The question of consistency is a complex one since it can be viewed from multiple angles. For instance, if you think about consistency on a more micro level in terms of your daily work with children and youth, consistency would apply to daily routines that you as a worker can try to keep consistent, and consistency in your personal relationship with the child or youth you are working with. Your relationship needs to be consistent and the child or youth needs to develop trust through this consistency. Consistency is vital to the development of stable schemas particularly for traumatized or emotionally vulnerable children and youth (think Piaget).
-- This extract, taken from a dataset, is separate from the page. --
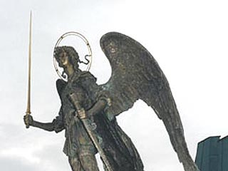 На нем изображен святой воитель архистратиг Михаил - небесный покровитель города и области - с огненным мечом, попирающий ногами дьявола.
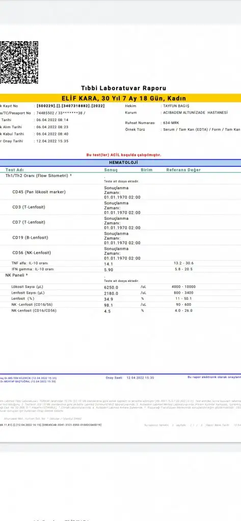 Merhaba arkadaşlar benim 6. Tup bebek başlanacak öncekilerde 3 düşüğüm 2 negatif var doktorum nk hücre panel testi ve th1 th2 oranı için kan testi istedi verdik 1 haftada cıktı sonuç ama doktora gitmeme daha çok var ve merak ediyorum acaba bu testlerden yaptırıp benim testimide yorumlayabilecek olan varmi şimdiden çok teskkurler

Within the residential home or programme, there might be rules or an overarching theoretical perspective that needs to be consistently adhered to. From a larger more macro perspective, the difficulty in child and youth work lies in the fact that there are multiple theoretical perspectives, philosophies and and therapeutic tools that can be used in the field of child and youth work. As far as service provision is concerned, this can cause a lot of confusion and get in the way of effectively working with children, youth and families. For example, multiple different agencies within one provincial district might use different theoretical perspectives. One agency might be interested in using brief solution focused therapy and another in using collaborative problem solving. So, a family might be involved with one agency which uses the brief solution focused approach but the school that the child attends uses collaborative problem solving This can become not only confusing but actually get in the way of effective treatment. In Ottawa (Canada), there have been some efforts to try to implement CPS (collaborative problem solving by Ross Greene) universally. Through community of practice (weekly meetings with various agencies) and an effort to implement CPS in schools, there has been some progress establishing "consistency." However, these efforts are sometimes thwarted by individuals who personally don't appreciate, recognise or understand the method. So the challenge lies in trying to develop a "universal" language which everyone can "speak."
However, philosophically, this becomes tricky because many would argue that since the children and youth we work with are so unique, there is no "universal" language and no one size fits all approach, and that we should adapt and be flexible according to the needs of each unique child or youth. I think that in your case personally, if the agency or organisation you work in has an overarching theoretical perspective or guiding framework they work work within, you should try to adhere to this as closely as possible without undermining or endangering the child or youth's integrity. As a child and youth worker, you are going to need to constantly evaluate the decisions you make, but always, always remain consistent in your belief and desire to do what is best for the child or youth. If you don't feel that you are able to do this, then you need to discuss and move on.
All the best,
When I look at consistency, I feel I need to look at 2 things. There are rules, goals and mandates of the program that are for the most part “set in stone”. Then, there are different staff who work in different ways to meet a common goal (equifinality). All staff need to be on board with the rules that have been set for the program. However, as staff have different personalities, skills and toolboxes, they adhere to these rules using their own style. I find that a lot of conflict between staff around consistency is that we are not looking at the end goal but how we get there (and when it is in a different way, others assume it is wrong). Staff are going to run their shifts in different ways but the goal is the same among them, we need to celebrate the different working styles/strengths of others but know that we are all in this together, working towards the same thing. Does this make sense to you?